Сначала Рузвельт смотрел на Сталина глазами Гопкинса и составил о нем очень хорошее мнение. По словам Гопкинса, Сталин был «прекрасным руководителем, уверенным в себе, решительным, трезво мыслящим человеком». Любопытен данный им портрет Сталина: «сильный человек, невысокого роста, с большими крепкими руками и таким мускулистым телосложением, какое хотел бы видеть у полузащитников тренер по футболу»447.
В сентябре в Москву прибыли посланники Рузвельта и Черчилля Аверелл Гарриман и лорд Бивербрук. Они провели переговоры со Сталиным о предоставлении помощи без всяких условий. Сталин на переговорах держался очень твердо, но дружелюбно. Он произвел на западных переговорщиков хорошее впечатление. Бивербрук назвал его «славным человеком».
Если не брать во внимание отдельные детали, то политика Рузвельта в отношении СССР и Англии опиралась на то, что Сталин будет его союзником в послевоенном переустройстве мира и создании коллективной системы безопасности, а Черчилль таковым не будет, так как Сталин «тяготеет к демократии», а Черчилль остается «империалистом». Этим и еще критическим положением всего западного мира объясняется бескорыстная позиция Рузвельта, не ставившего Сталину никаких условий в тот труднейший период, когда СССР был в шаге от поражения. США предоставили СССР беспроцентный кредит на один миллиард долларов.
У Рузвельта и Сталина сложилось прочное взаимопонимание, которое Сталин однажды описал со свойственным ему юмором: «Черчилль такой тип, что если не следить за ним, вытащит у тебя из кармана копейку… А Рузвельт не такой. Он руку засунет, но возьмет только крупные монеты»448.
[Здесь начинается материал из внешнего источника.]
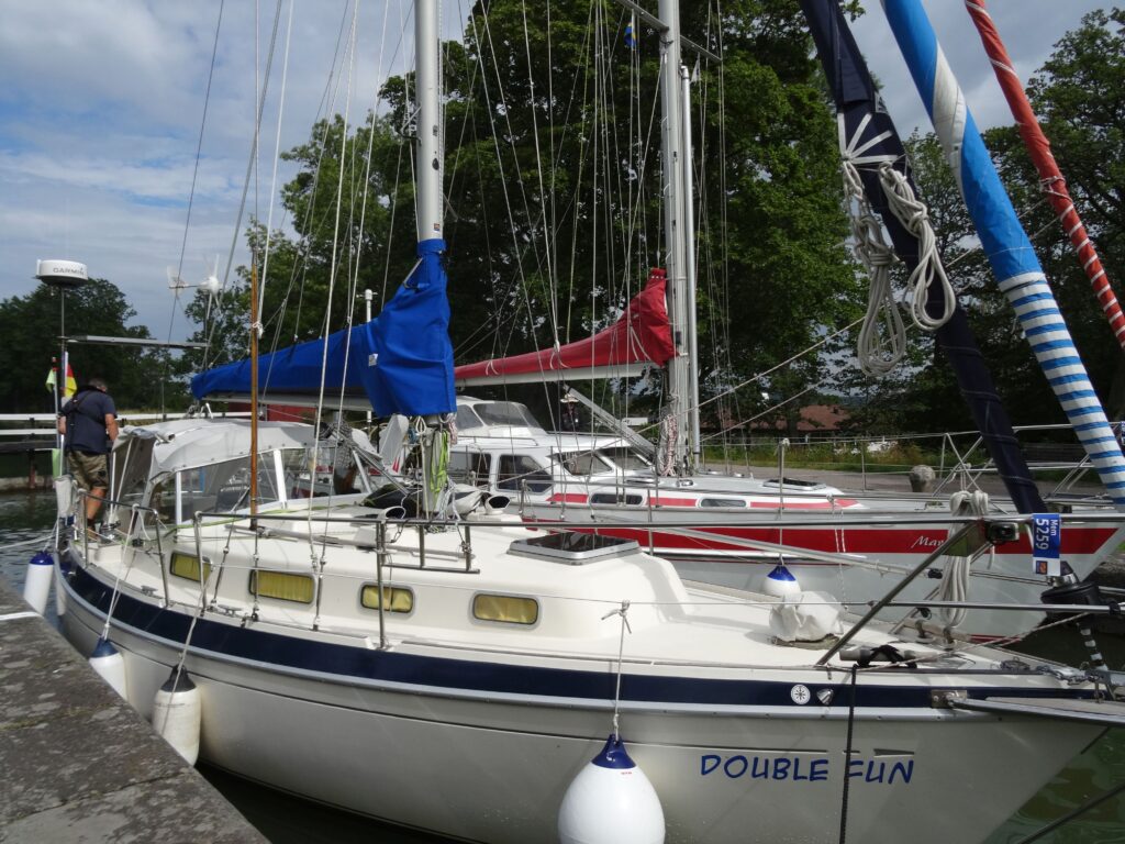 12:00h fest im Gästehafen Borensberg, Motor aus. Schöner Längsseitensteg, sehr gute sanitäre Einrichtungen. Duscheinzelkabine, groß

Очевидно, споры о конкретных долгах и границах Рузвельт относил на будущее, что должно было устроить Сталина.
Тем не менее вождь не собирался пускать дело на самотек, доверяя благородству заокеанского партнера. Сталин не был бы Сталиным, если бы не проявил здесь настойчивости.
Шестнадцатого декабря 1941 года он принял министра иностранных дел Великобритании А. Идена. В присутствии Молотова Сталин рассказал, как он видит послевоенное устройство Европы. По сути, он предложил разделить Германию: отдельно — Австрия, Рейнская область, Бавария; Восточную Пруссию отдать Польше, Судеты — Чехословакии; восстановить целостность Югославии и передать ей некоторые итальянские территории; Турция могла бы получить некоторые районы в Болгарии и Северной Сирии, Греция — острова в Эгейском море. Сталин хотел, чтобы границы СССР сохранились по состоянию на 22 июня 1941 года, граница с Польшей — по «линии Керзона», а на территории Румынии и Финляндии располагались бы советские военные базы.
Семнадцатого и 18 декабря были еще две встречи с Иденом. На них Сталин особое внимание уделил признанию Англией советских границ, включая Прибалтику и новую советско-финляндскую границу, поставив это непременным условием заключения англо-советского договора.
Идеи отказывался, ссылаясь на Атлантическую хартию. Но для Сталина эта хартия не имела большого значения, хотя он и присоединился к ней. Его не интересовали, как Рузвельта, ближневосточные и заморские зоны влияния Великобритании. Он ставил вопрос прямо: давайте определим наши общие цели в Европе!
После встреч гостю показали освобожденный Волоколамск, разбитые немецкие танки, что произвело на него сильное впечатление.
Черчилль ответил (через Идена) так: «Первейшей нашей целью будет предотвратить возможность развязки Германией новой войны. Одним из важнейших вопросов, которые придется решить, будет отделение Пруссии от Южной Германии и фактически определение Пруссии как таковой». Он откладывал эти вопросы на будущее, так как считал, что подняв их сейчас, «мы лишь сплотили бы всех немцев вокруг Гитлера»449.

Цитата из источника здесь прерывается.